After nearly a decade of delays, the largest wind farm in the U.S. is finally moving forward in one California’s remaining premium wind resource regions near where the Tehachapi Mountains touch the Mojave Desert in southern California.
The Alta Wind Energy Center will produce nearly three times as much power as the current largest wind project, and will allow California to reclaim its leadership role in promoting wind power. After California incubated the first wave of wind generation projects in the ’80s under the leadership of former Governor Jerry Brown, both Texas and Iowa have blown ahead and now produce more wind power overall than California. Developed by New York-based Terra-Gen Power, the project is expected to grow to 3 gigawatts (GW) over the next eight years.

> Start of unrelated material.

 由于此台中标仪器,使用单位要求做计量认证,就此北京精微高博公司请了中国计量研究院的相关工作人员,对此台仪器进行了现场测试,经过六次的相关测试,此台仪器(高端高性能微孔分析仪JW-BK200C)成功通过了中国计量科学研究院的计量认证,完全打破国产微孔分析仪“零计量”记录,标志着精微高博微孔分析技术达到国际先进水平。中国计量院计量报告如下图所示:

Not only will this first-phase 1,550 MW wind project be the largest wind project in the entire U.S., but the transmission system designed to bring this clean electricity to market is also the largest new transmission development to date in the U.S.Another key factor in allowing the mega-project to move forward was over $1 billion in financing, which came together last month.

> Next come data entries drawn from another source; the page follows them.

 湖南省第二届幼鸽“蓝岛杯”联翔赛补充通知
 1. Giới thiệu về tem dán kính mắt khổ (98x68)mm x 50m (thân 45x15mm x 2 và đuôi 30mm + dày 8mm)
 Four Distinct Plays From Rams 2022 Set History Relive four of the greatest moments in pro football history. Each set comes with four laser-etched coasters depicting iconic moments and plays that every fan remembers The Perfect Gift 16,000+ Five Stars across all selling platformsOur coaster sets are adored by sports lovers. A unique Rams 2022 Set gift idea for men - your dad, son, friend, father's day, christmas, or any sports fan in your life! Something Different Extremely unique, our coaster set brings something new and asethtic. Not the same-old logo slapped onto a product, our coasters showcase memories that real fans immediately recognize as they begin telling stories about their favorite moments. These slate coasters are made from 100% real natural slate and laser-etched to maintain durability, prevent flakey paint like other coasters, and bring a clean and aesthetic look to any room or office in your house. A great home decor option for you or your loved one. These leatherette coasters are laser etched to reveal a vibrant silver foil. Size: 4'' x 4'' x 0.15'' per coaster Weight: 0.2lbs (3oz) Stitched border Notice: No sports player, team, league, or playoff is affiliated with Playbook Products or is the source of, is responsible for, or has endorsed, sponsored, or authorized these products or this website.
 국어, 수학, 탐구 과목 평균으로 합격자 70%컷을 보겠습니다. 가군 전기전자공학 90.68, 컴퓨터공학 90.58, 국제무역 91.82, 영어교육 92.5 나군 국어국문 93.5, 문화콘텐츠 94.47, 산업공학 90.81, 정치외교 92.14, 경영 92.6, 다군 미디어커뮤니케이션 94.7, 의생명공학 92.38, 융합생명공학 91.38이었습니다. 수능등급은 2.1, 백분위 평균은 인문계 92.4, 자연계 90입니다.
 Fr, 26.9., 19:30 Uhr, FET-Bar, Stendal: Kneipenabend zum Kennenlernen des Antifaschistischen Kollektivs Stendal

The key to allowing the project to move forward after ownership changes and oppostion to the project delayed implemention was the completion of a new transmission line last year. The project is expected to start delivering clean electricity to Southern California Edison in early 2011. CEERT played a major role in developing support for this project through its work with the Tehachapi Collaborative Study Group, dating back more than five years ago, and the Renewable Energy Transmission Initiative, which helped establish competitive renewable energy zones and a stakeholder collaborative to help identify the transmission lines needed to connect the best renewable resources with the least environmental impact.
Insiders, credit former CEC Commissioner John Geesman and former CPUC Commissioner Loretta Lynch with playing instrumental roles in helping to make the transmission lines finally connect to California’s last remaining largely untapped premier wind resource region.